The issue is that the modified stable-baselines3 version at https://github.com/m-abr/Adaptive-Symmetry-Learning lacks support for multi-process environments. To provide some context, the problem arises during the model-saving process. The saved model includes a 'sym' object, which in turn contains a nested 'sym.ppo.env.processes' object from the 'multiprocessing' class. The nested object holds an authentication key that cannot be pickled due to security reasons.

There are 2 solutions:

A) Exclude "sym" from saved parameters

In the cloned stable-baselines3 folder, go to /stable-baselines3/stable_baselines3/common/base_class.py and add the string "sym" to the list between lines 315 and 326, as shown below:

return [
            "policy",
            "device",
            "env",
            "eval_env",
            "replay_buffer",
            "rollout_buffer",
            "_vec_normalize_env",
            "_episode_storage",
            "_logger",
            "_custom_logger",
            "sym"
        ]

Explanation: The symmetry related parameters are not saved with the model to avoid triggering the pickle error. These parameters do not need to be saved unless the user wants to retrain a model and the robot/environment is not perfectly symmetric (which implies that the symmetry mappings are adapted during the learning process). Since the NAO robot in SimSpark is perfectly symmetric, excluding the 'sym' parameter from saved models does not have any negative effect.

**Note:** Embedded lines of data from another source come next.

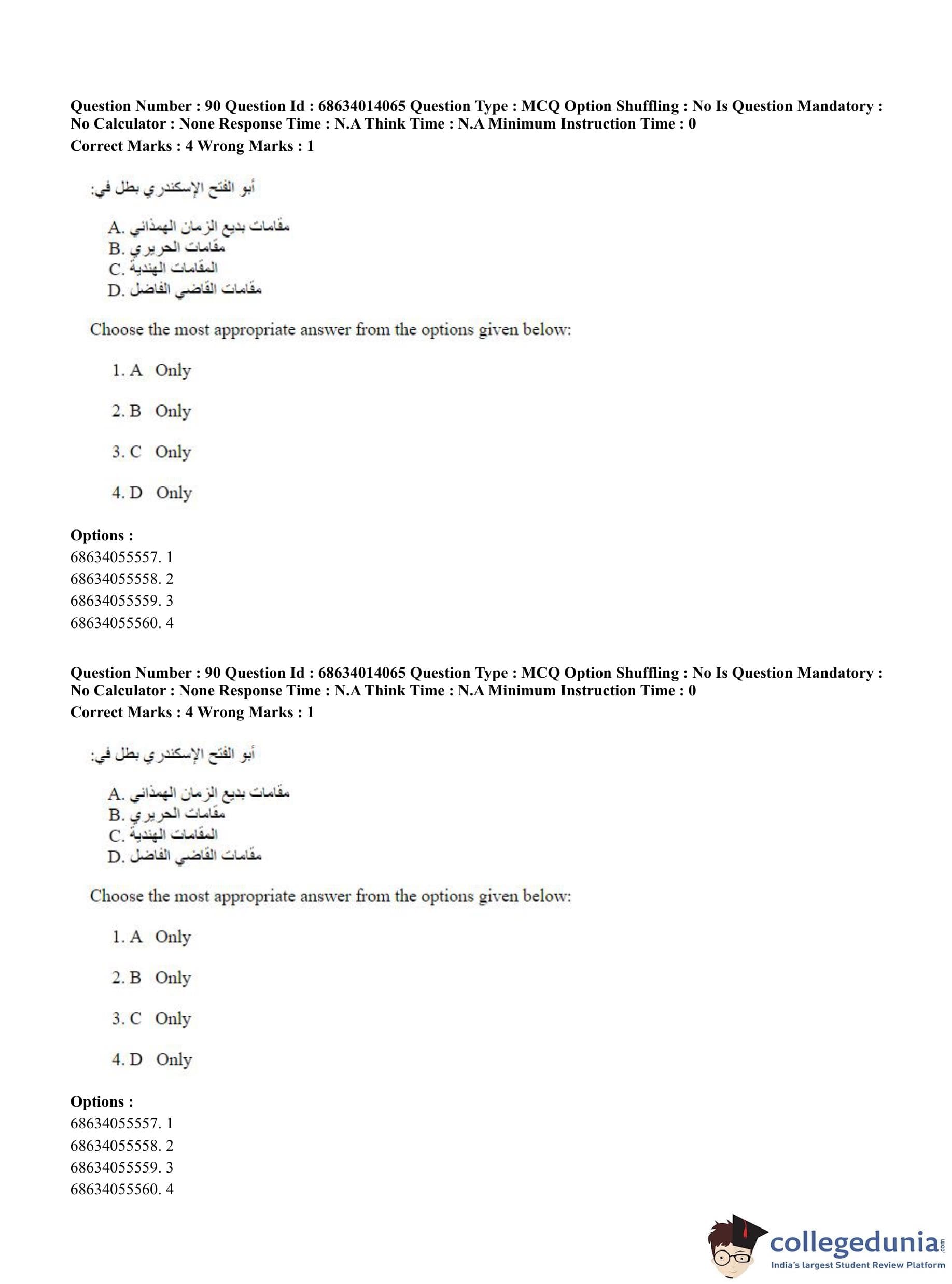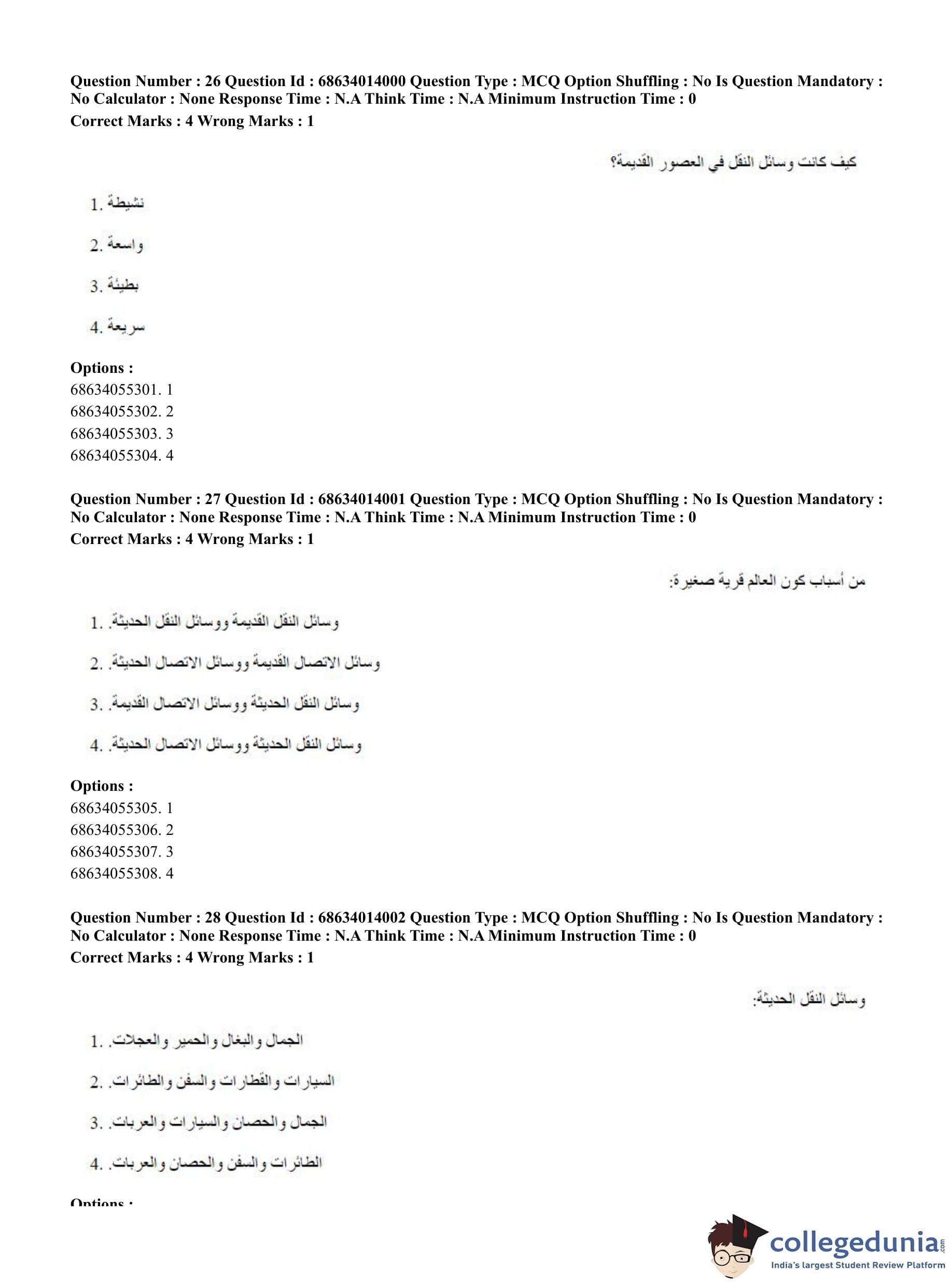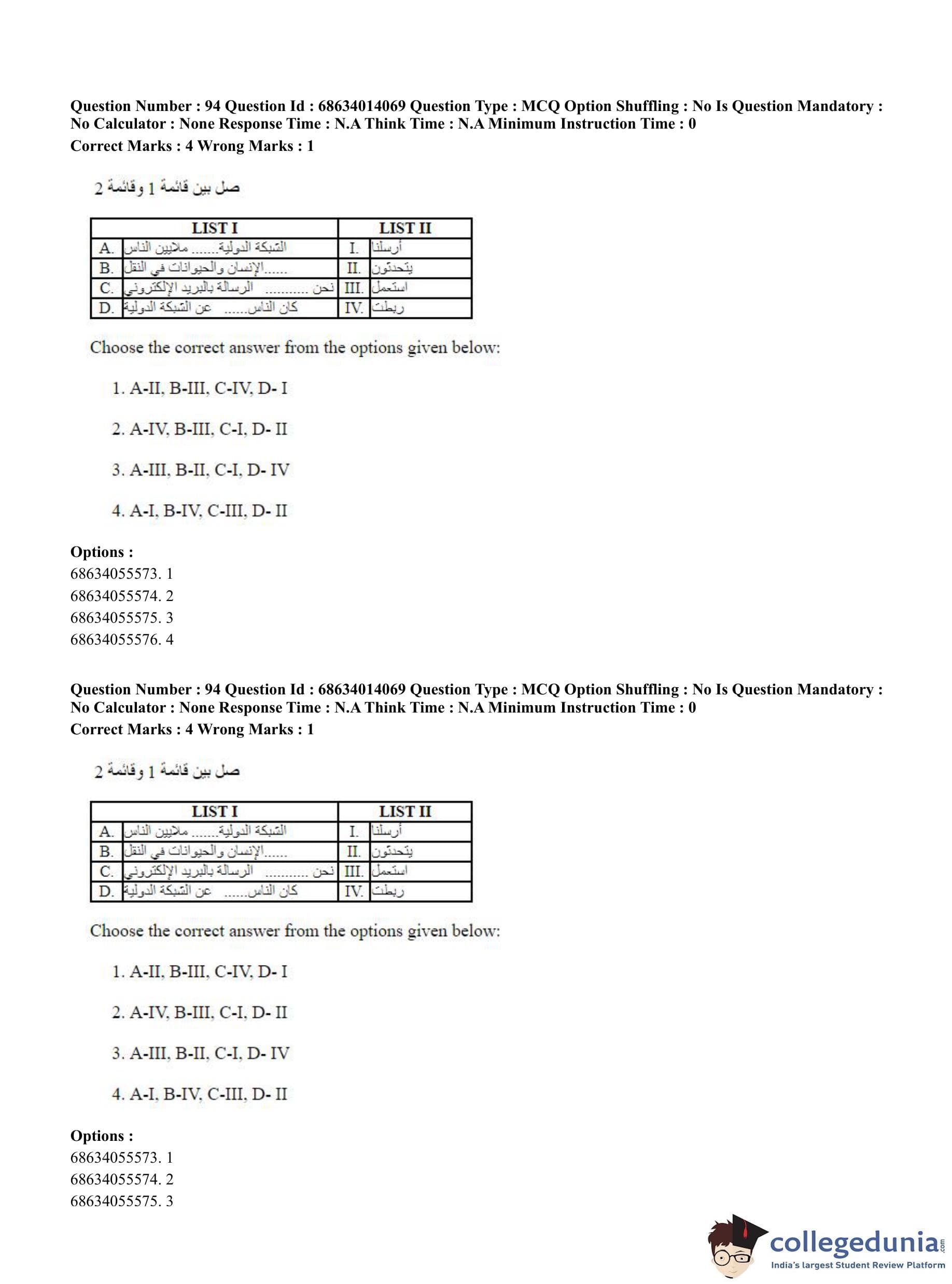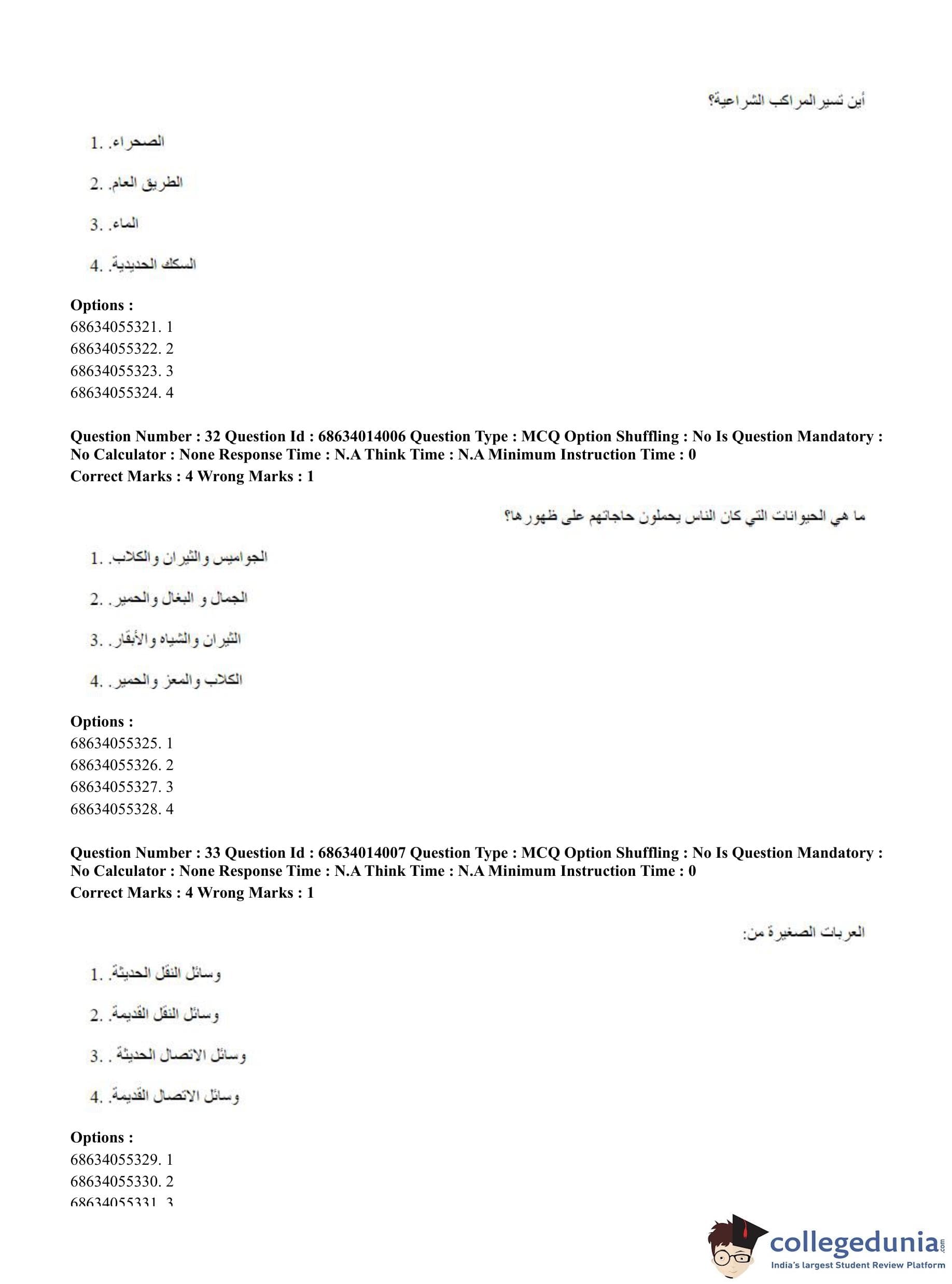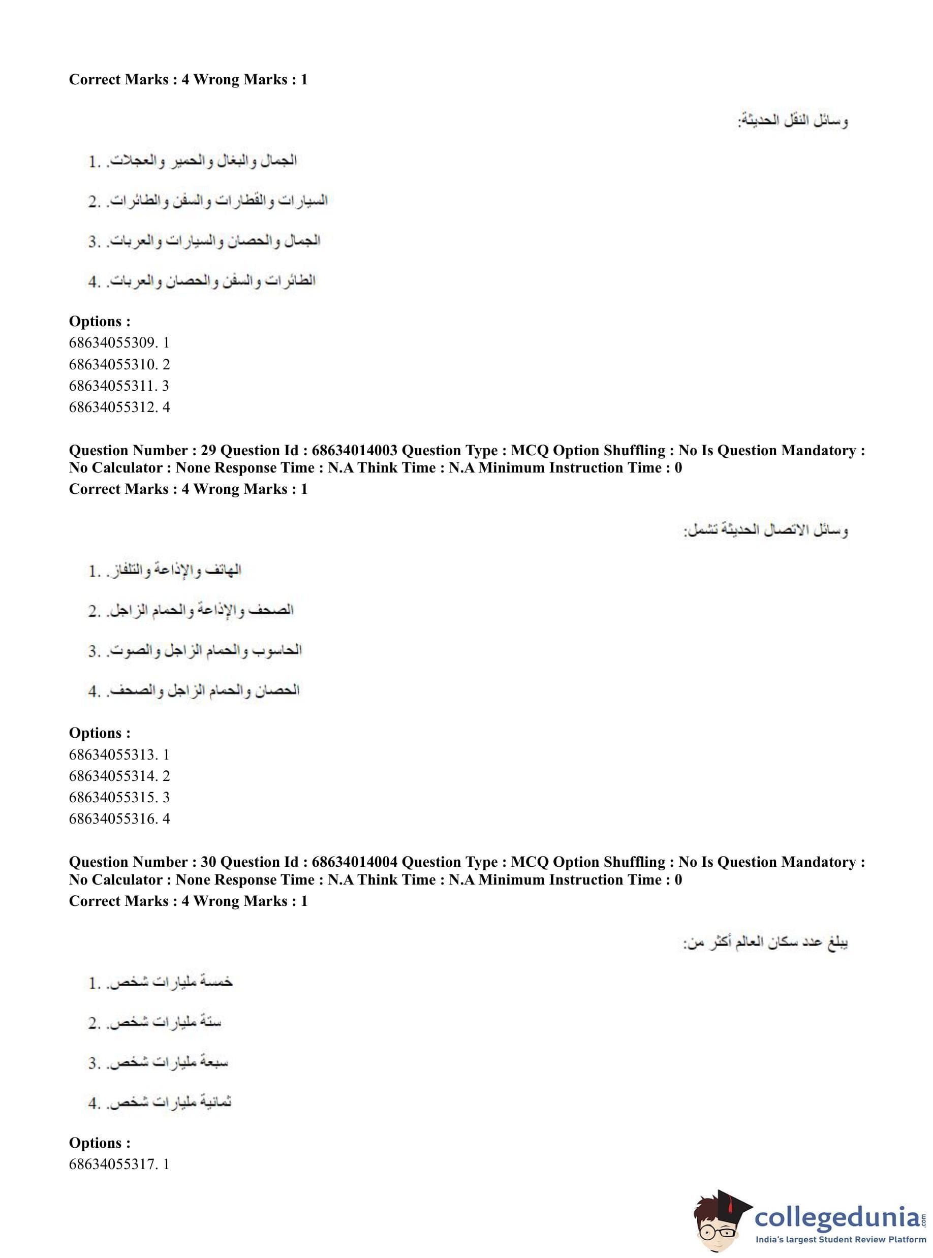 CUET PG 2023 Arabic Question Paper in Hindi (June 11 - Shift 3)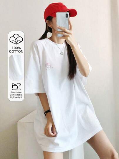 DAZY Camiseta oversize con estampado de dibujos animados y hombros caídos - Blanco - Añade 6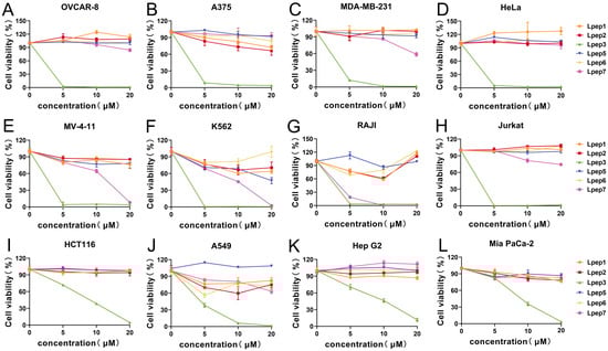 The trends of inhibition rates of 6 candidate peptides against 12 human-derived cancer cell lines at 5 μM, 10 μM, and 20 μM. The tested cell lines include human solid tumors: (A) OVCAR-8; (B) A375; (C) MDA-MB-231; (D) HeLa; and human hematological tumors: (E) MV-4-11; (F) K562; (G) Raji; and (H) Jurkat. (I) HCT116; (J) A549; (K) Hep G2; (L) Mia Paca-2. Each subgraph corresponds to one cancer cell line, with the x-axis representing peptide concentrations and the y-axis representing cell viability rates (%). Different lines indicate different candidate peptides, as labeled in the legend. Data points represent the mean of 3 independent experiments, with error bars indicating the standard error of the mean (S.E.M.).

B) Delete the modified stable-baselines3 and install the most recent version:

pip3 install stable-baselines3 gym shimmy

Explanation: Using the latest stable-baselines3 is probably better in terms of performance/stability. It's important to note that using the modified stable-baselines3 from https://github.com/m-abr/Adaptive-Symmetry-Learning has no advantage unless the user defines the symmetry mappings for the NAO robot.


As mentioned in the documentation, using the modified stable-baselines3 is an advanced option. I recommend solution B for anyone that is starting. I am currently changing the documentation to make this clearer.